## Recorded data

***

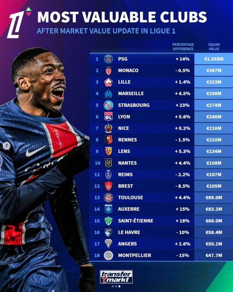 法甲球队身价排行(括号内为更新后变化幅度):
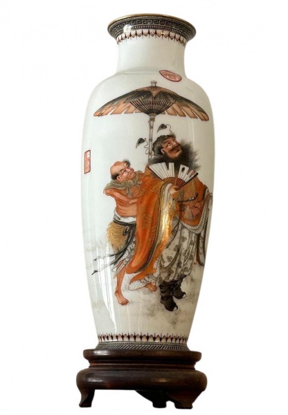 • Vaso em porcelana chinesa, com rica pintura representando Zhong Kui, uma divindade lendária chinesa, capaz de subjugar fantasmas e afastar espíritos malignos. Ele é reverenciado como o Senhor Sagrado da Bênção e Proteção do Lar na cultura tradicional chinesa. Na China antiga, retratos de Zhong Kui eram frequentemente pendurados como proteção contra danos e desastres. O vaso possui também a pintura de ideagramas e um morcego em referência os cinco morcegos correspondem às Cinco Bênçãos do pensamento chinês: amor, prosperidade, conduta virtuosa, boa saúde/atingir uma idade honrosa e morte natural. O vaso é assinado na base e repousa sobre uma base de madeira, China, começo do século XX.
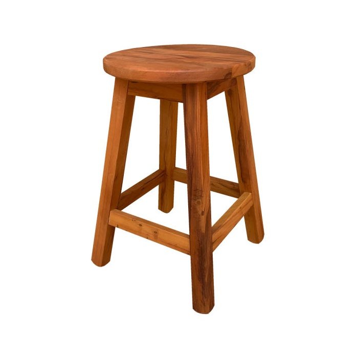 Banqueta Baixa Assento Redondo Sem Encosto Madeira Maciça Cor Peroba Rosa
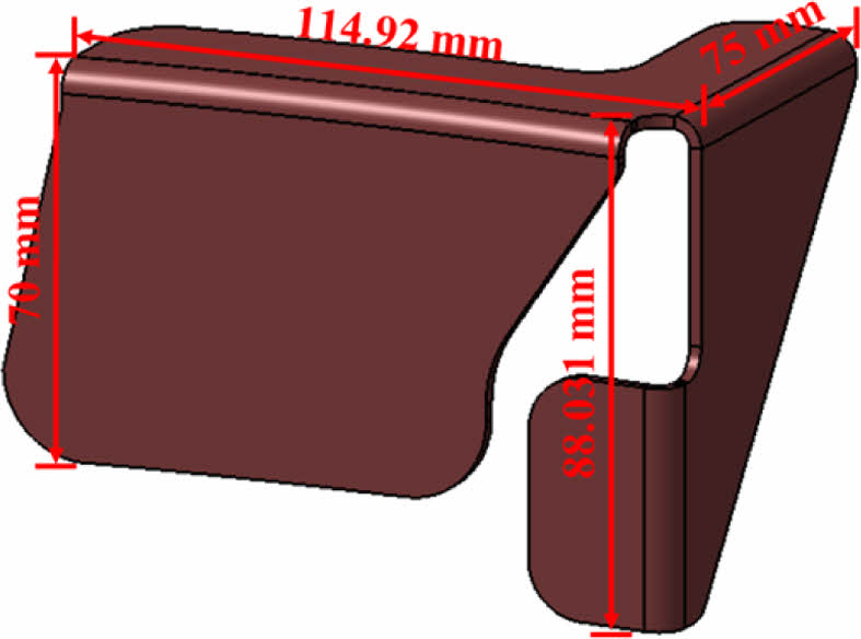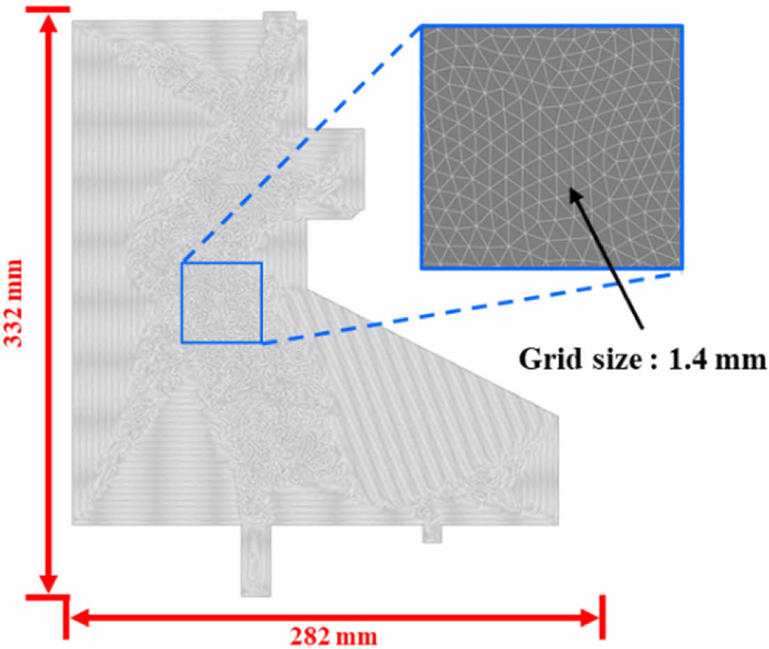 Blank는 고속 열 성형 공정에서 제품을 도출할 때 소모되는 재료로써, 최종 제품을 제작하는데 Blank 크기와 형상이 중요한 영향을 미친다. 또한, 손실되는 재료의 양을 최소화할 수 있는 형상으로 고려되어야 하며, 이를 위해 고속 열 성형 해석을 통해 Blank size와 공정 변수를 도출하고자 하였다. 고속 열 성형 해석은 상용 유한요소해석 소프트웨어인 Aniform (ver. 4.0.2)을 통해 수행하였다. Blank 형상은 Parameter 연구를 통해 소재 손실을 최소화하면서 원하는 제품 형상을 얻을 수 있는 Size로 선정하였다. 유한요소모델은 Blank의 형상을 고려하여 모델링하였고, Fig. 2에 나타내었다. Element 형상은 2D triangular element로 구성하였고, Grid size는 1.4 mm로 설정하였다.

***

## What is required
Exactly the lines from the top of the listing through the line with "Banqueta Baixa Assento", and no pictures, should be printed.

## Answer to this task
 法甲球队身价排行(括号内为更新后变化幅度):
 • Vaso em porcelana chinesa, com rica pintura representando Zhong Kui, uma divindade lendária chinesa, capaz de subjugar fantasmas e afastar espíritos malignos. Ele é reverenciado como o Senhor Sagrado da Bênção e Proteção do Lar na cultura tradicional chinesa. Na China antiga, retratos de Zhong Kui eram frequentemente pendurados como proteção contra danos e desastres. O vaso possui também a pintura de ideagramas e um morcego em referência os cinco morcegos correspondem às Cinco Bênçãos do pensamento chinês: amor, prosperidade, conduta virtuosa, boa saúde/atingir uma idade honrosa e morte natural. O vaso é assinado na base e repousa sobre uma base de madeira, China, começo do século XX.
 Banqueta Baixa Assento Redondo Sem Encosto Madeira Maciça Cor Peroba Rosa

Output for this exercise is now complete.